→ Work request
Set down every record below exactly as it stands, minus the pictures.

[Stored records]
━━━━

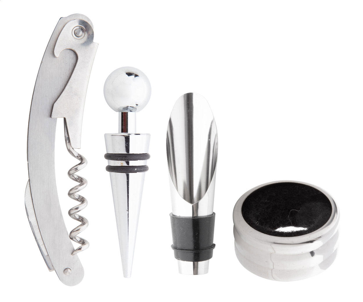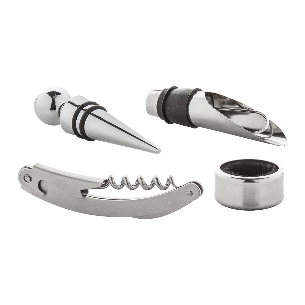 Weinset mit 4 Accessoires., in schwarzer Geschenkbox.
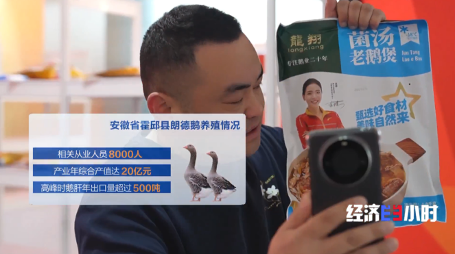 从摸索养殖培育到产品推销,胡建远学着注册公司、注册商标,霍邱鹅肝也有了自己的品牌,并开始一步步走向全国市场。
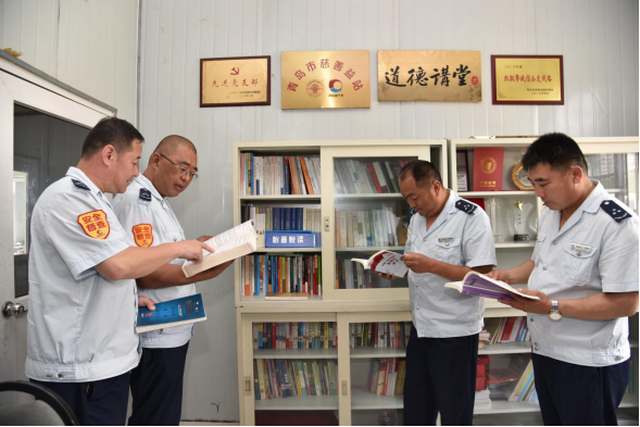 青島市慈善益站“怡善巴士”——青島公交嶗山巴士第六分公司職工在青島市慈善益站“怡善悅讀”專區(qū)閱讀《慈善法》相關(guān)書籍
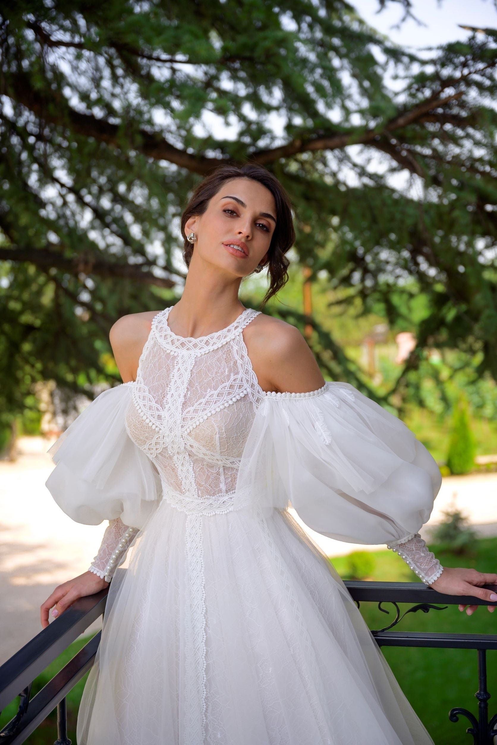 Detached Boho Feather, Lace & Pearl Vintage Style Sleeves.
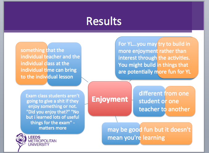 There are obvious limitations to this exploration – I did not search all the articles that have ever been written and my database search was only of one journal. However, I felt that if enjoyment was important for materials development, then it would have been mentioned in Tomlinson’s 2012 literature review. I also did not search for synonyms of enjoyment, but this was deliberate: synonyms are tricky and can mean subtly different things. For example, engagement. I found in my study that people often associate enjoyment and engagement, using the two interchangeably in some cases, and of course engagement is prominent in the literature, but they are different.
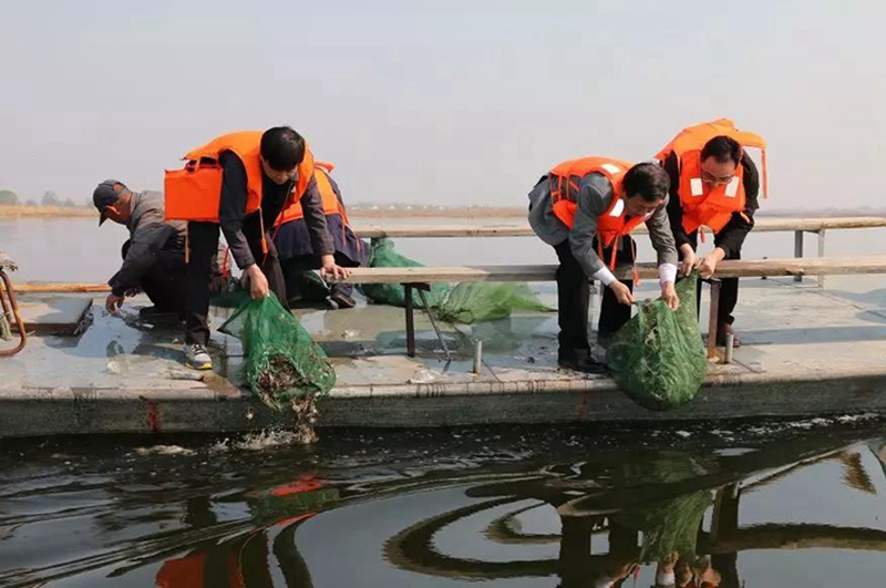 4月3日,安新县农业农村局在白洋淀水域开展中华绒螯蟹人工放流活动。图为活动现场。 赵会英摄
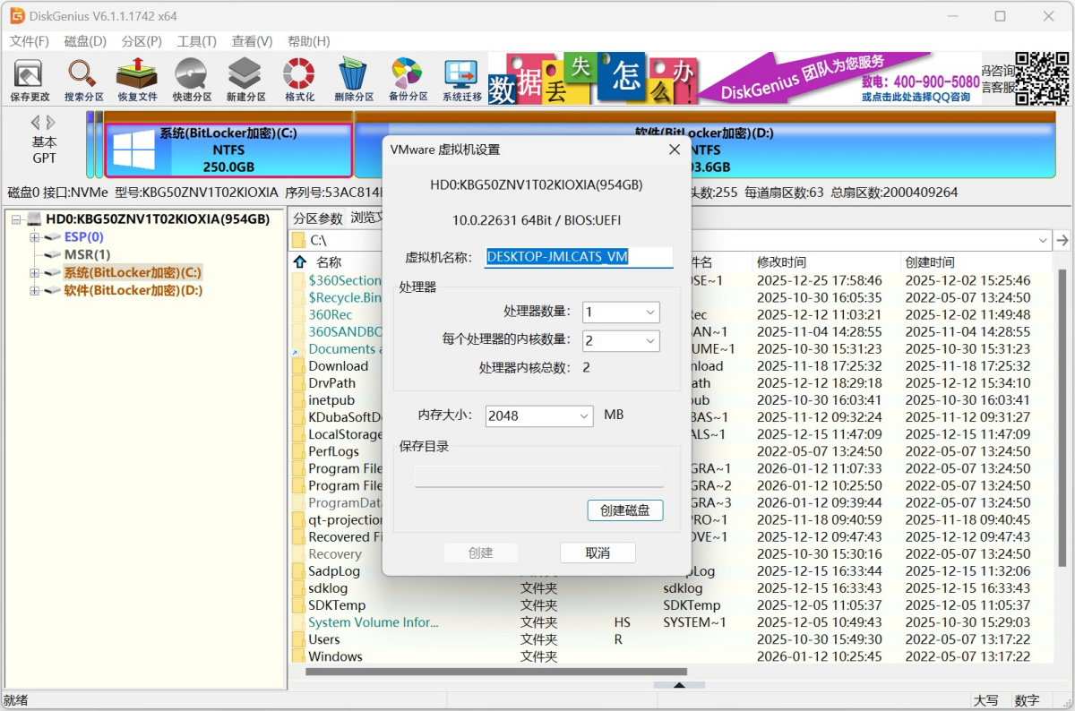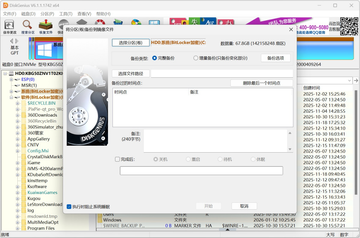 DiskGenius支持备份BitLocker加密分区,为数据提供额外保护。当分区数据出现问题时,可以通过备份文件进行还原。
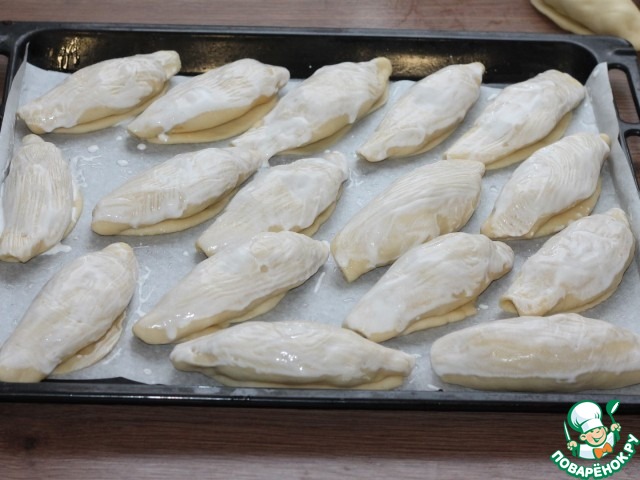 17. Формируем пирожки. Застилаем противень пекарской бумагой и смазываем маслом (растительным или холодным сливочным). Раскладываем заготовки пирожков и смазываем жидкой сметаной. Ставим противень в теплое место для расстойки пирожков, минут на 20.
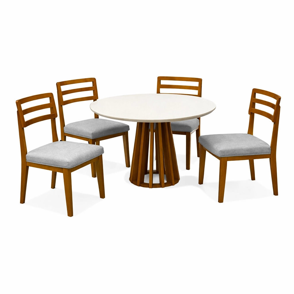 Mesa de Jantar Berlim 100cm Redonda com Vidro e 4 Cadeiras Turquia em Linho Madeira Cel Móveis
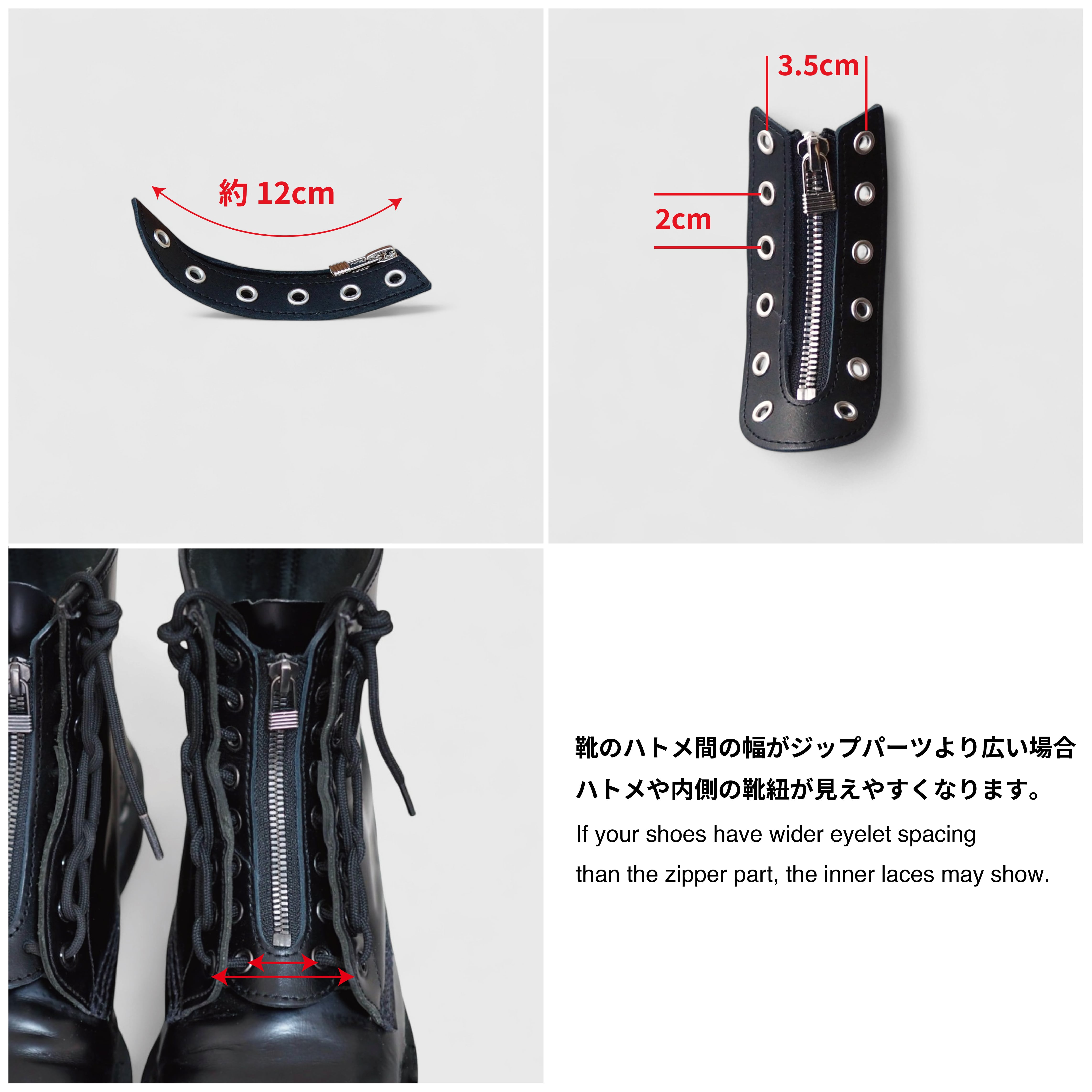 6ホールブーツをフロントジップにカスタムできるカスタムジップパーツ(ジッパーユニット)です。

━━━━

→ Solved exercise
 Weinset mit 4 Accessoires., in schwarzer Geschenkbox.
 从摸索养殖培育到产品推销,胡建远学着注册公司、注册商标,霍邱鹅肝也有了自己的品牌,并开始一步步走向全国市场。
 青島市慈善益站“怡善巴士”——青島公交嶗山巴士第六分公司職工在青島市慈善益站“怡善悅讀”專區(qū)閱讀《慈善法》相關(guān)書籍
 Detached Boho Feather, Lace & Pearl Vintage Style Sleeves.
 There are obvious limitations to this exploration – I did not search all the articles that have ever been written and my database search was only of one journal. However, I felt that if enjoyment was important for materials development, then it would have been mentioned in Tomlinson’s 2012 literature review. I also did not search for synonyms of enjoyment, but this was deliberate: synonyms are tricky and can mean subtly different things. For example, engagement. I found in my study that people often associate enjoyment and engagement, using the two interchangeably in some cases, and of course engagement is prominent in the literature, but they are different.
 4月3日,安新县农业农村局在白洋淀水域开展中华绒螯蟹人工放流活动。图为活动现场。 赵会英摄
 DiskGenius支持备份BitLocker加密分区,为数据提供额外保护。当分区数据出现问题时,可以通过备份文件进行还原。
 17. Формируем пирожки. Застилаем противень пекарской бумагой и смазываем маслом (растительным или холодным сливочным). Раскладываем заготовки пирожков и смазываем жидкой сметаной. Ставим противень в теплое место для расстойки пирожков, минут на 20.
 Mesa de Jantar Berlim 100cm Redonda com Vidro e 4 Cadeiras Turquia em Linho Madeira Cel Móveis
 6ホールブーツをフロントジップにカスタムできるカスタムジップパーツ(ジッパーユニット)です。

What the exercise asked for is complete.